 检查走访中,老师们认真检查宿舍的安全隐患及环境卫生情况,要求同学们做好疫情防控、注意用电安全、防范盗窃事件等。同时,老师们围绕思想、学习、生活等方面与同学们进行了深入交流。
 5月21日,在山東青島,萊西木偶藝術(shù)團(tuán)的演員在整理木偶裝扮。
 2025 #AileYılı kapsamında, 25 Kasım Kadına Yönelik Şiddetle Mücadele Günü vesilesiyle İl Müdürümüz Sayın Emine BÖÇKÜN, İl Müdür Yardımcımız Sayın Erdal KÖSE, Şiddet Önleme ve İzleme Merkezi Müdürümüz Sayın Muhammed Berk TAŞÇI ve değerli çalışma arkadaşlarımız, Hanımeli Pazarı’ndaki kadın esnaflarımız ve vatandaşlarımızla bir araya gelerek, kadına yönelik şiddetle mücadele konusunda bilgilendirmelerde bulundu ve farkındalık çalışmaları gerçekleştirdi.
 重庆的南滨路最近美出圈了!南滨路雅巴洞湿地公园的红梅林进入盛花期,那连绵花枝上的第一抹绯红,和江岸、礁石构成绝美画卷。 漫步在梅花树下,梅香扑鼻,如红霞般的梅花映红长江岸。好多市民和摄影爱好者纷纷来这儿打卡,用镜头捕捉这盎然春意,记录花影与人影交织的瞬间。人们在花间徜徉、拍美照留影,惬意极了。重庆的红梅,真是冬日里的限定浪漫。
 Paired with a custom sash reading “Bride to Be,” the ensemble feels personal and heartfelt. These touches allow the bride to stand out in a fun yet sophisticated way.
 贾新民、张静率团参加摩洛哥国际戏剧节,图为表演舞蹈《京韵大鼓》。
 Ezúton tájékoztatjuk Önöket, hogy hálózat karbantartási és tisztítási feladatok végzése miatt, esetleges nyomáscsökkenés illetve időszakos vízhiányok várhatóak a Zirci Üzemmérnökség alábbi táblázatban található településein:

-- -- --

Through the line that contains "5月21日,在山東青島,萊西", copy the material above exactly, beginning at its first line and including nothing more.

> [Completed exercise]:
 检查走访中,老师们认真检查宿舍的安全隐患及环境卫生情况,要求同学们做好疫情防控、注意用电安全、防范盗窃事件等。同时,老师们围绕思想、学习、生活等方面与同学们进行了深入交流。
 5月21日,在山東青島,萊西木偶藝術(shù)團(tuán)的演員在整理木偶裝扮。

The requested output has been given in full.